Dataset entries
━━━━━━━━

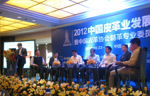 中国皮革协会理事长苏超英和中国皮革与制鞋工业研究院杨承杰经理在会议开幕式上向全体来宾和代表致辞。中国工程院院士石碧、工信部消费品司轻工处处长谢立安、北京师范大学经济管理公司教授仲鑫、成都卡美多鞋业董事长冯永刚、太阳成集团tyc33455cc太阳成集团tyc33455cc皮革工程系革制品教研室主任徐波、厦门大学管理公司教授屈文洲等领导嘉宾分别就制革科技的新思路、国家对皮革行业宏观调控政策、国际经济形势及欧债危机、制鞋企业与制革企业之间的关系及资本市场等行业企业关心的热点问题做了专题演讲。
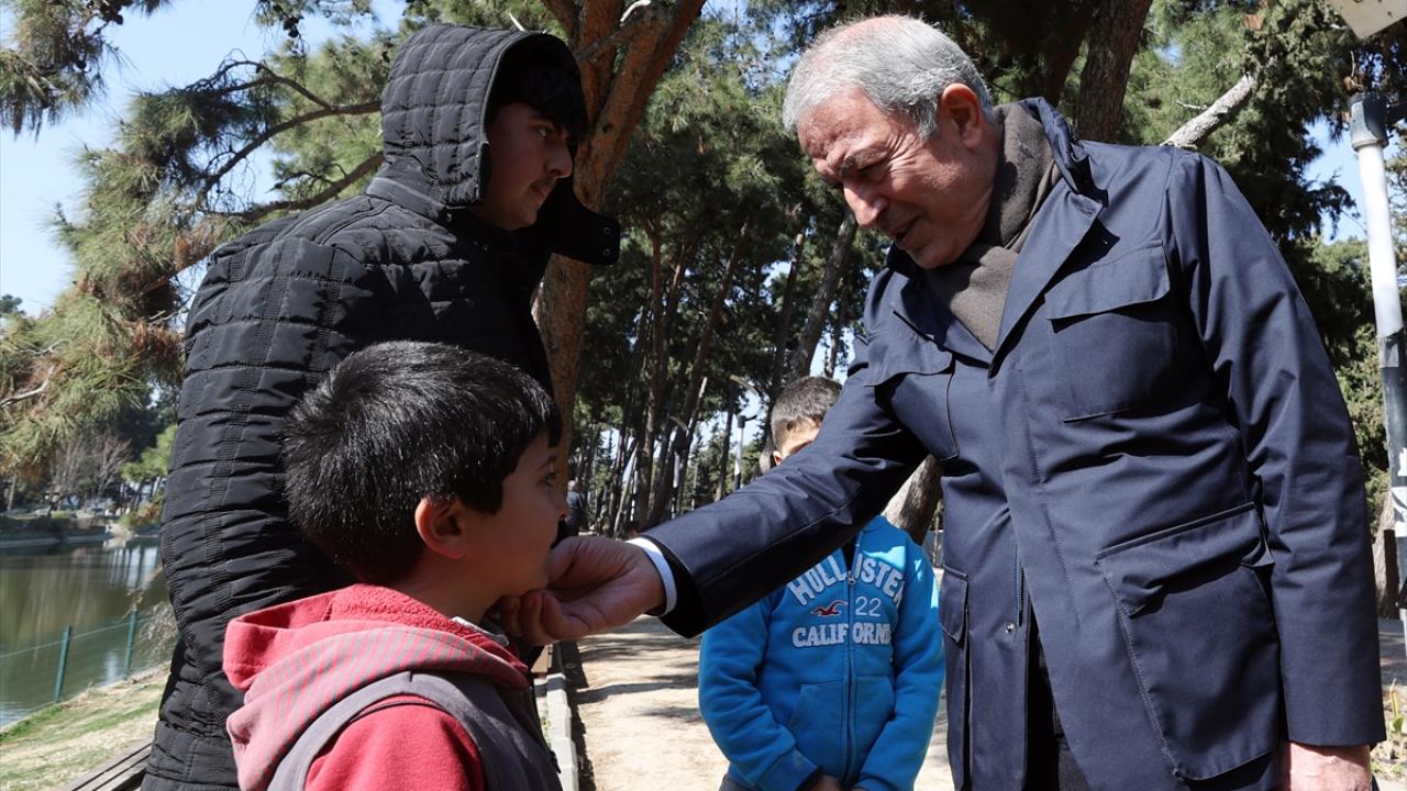 Çadır kentteki depremzedelerle bir araya gelen Akar, çocuklarla da yakından ilgilendi. Depremzedelerin taleplerini tek tek dinleyen Akar, "Deprem çok geniş bir alanda etkisini gösterdi. Bütün bakanlıklar, kurum kuruluşlar, devletimiz, milletimiz bütün 85 milyon ayakta. Acımız, kederimiz büyük. Bu yaraları sarmak için ilk günden itibaren asil milletimizle birlikte omuz omuza çalışarak tek yumruk, tek yürek olarak inşallah tüm bu sıkıntıların üstesinden gelecek, yaralarımızı saracağız." diye konuştu.
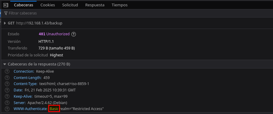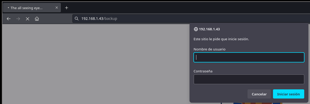 La ruta /backup se encuentra protegida por un auth_basic, realizo técnicas de password guessing sin éxito
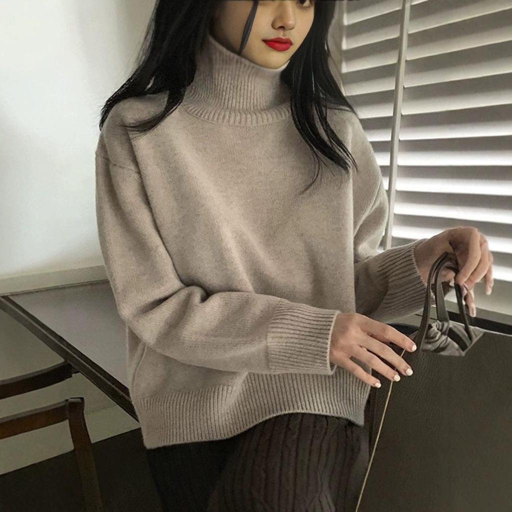 Women's Knitted Sweater: Autumn/Winter Hong Kong Style, Lazy Fit, Slimming, Thick, Versatile as Outer or Inner Wear
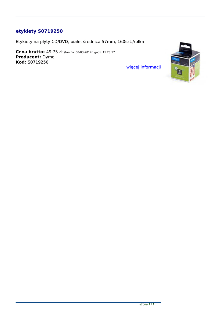 etykiety S0719250 Etykiety na płyty CD/DVD, białe, średnica 57mm, 160szt./rolka Cena brutto: 49.75 zł Producent: Dymo Kod: S0719250 stan na: 08-03-2017r. godz. 11:28:17 więcej informacji strona 1 / 1 Powered by TCPDF (www.tcpdf.org)
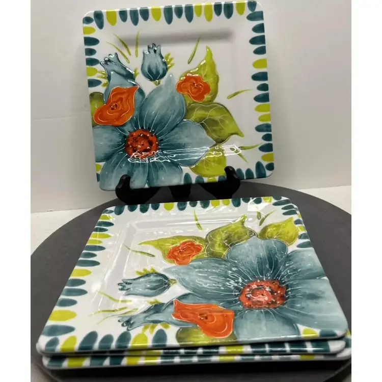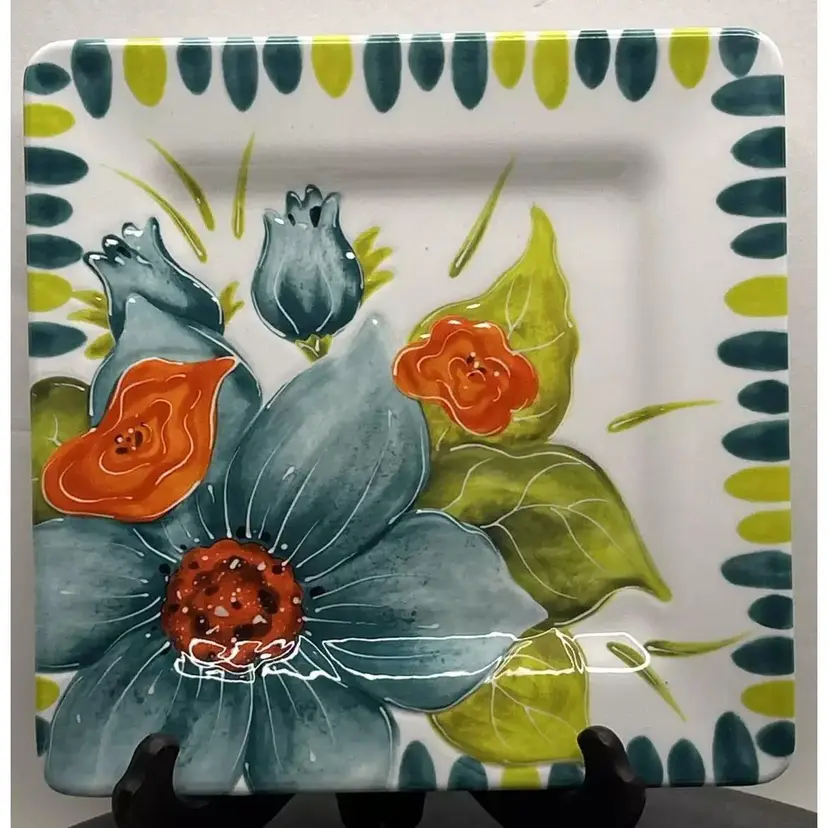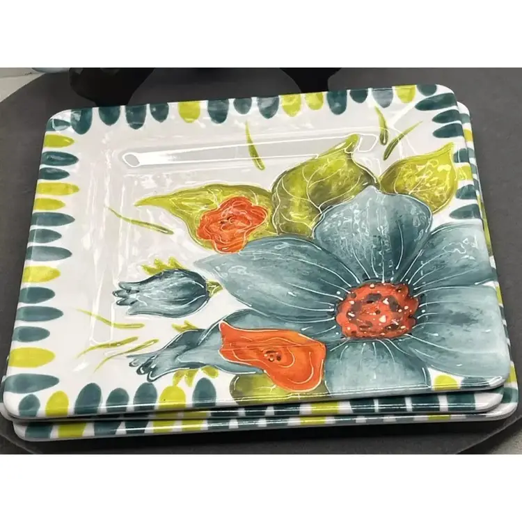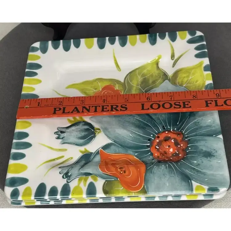 This set of four Laurie Gates square melamine salad plates feature a colorful large flower pattern in blue, green, and orange on a white background. These beautiful and bold melamine salad or luncheon plates will make a splash on your next get together. Each squre plate measures 9" inches in length and width, and are very lightweight.

━━━━━━━━

■ Instructions for the task: Without the images, write out all of the records exactly.

■ Answer space:
 中国皮革协会理事长苏超英和中国皮革与制鞋工业研究院杨承杰经理在会议开幕式上向全体来宾和代表致辞。中国工程院院士石碧、工信部消费品司轻工处处长谢立安、北京师范大学经济管理公司教授仲鑫、成都卡美多鞋业董事长冯永刚、太阳成集团tyc33455cc太阳成集团tyc33455cc皮革工程系革制品教研室主任徐波、厦门大学管理公司教授屈文洲等领导嘉宾分别就制革科技的新思路、国家对皮革行业宏观调控政策、国际经济形势及欧债危机、制鞋企业与制革企业之间的关系及资本市场等行业企业关心的热点问题做了专题演讲。
 Çadır kentteki depremzedelerle bir araya gelen Akar, çocuklarla da yakından ilgilendi. Depremzedelerin taleplerini tek tek dinleyen Akar, "Deprem çok geniş bir alanda etkisini gösterdi. Bütün bakanlıklar, kurum kuruluşlar, devletimiz, milletimiz bütün 85 milyon ayakta. Acımız, kederimiz büyük. Bu yaraları sarmak için ilk günden itibaren asil milletimizle birlikte omuz omuza çalışarak tek yumruk, tek yürek olarak inşallah tüm bu sıkıntıların üstesinden gelecek, yaralarımızı saracağız." diye konuştu.
 La ruta /backup se encuentra protegida por un auth_basic, realizo técnicas de password guessing sin éxito
 Women's Knitted Sweater: Autumn/Winter Hong Kong Style, Lazy Fit, Slimming, Thick, Versatile as Outer or Inner Wear
 etykiety S0719250 Etykiety na płyty CD/DVD, białe, średnica 57mm, 160szt./rolka Cena brutto: 49.75 zł Producent: Dymo Kod: S0719250 stan na: 08-03-2017r. godz. 11:28:17 więcej informacji strona 1 / 1 Powered by TCPDF (www.tcpdf.org)
 This set of four Laurie Gates square melamine salad plates feature a colorful large flower pattern in blue, green, and orange on a white background. These beautiful and bold melamine salad or luncheon plates will make a splash on your next get together. Each squre plate measures 9" inches in length and width, and are very lightweight.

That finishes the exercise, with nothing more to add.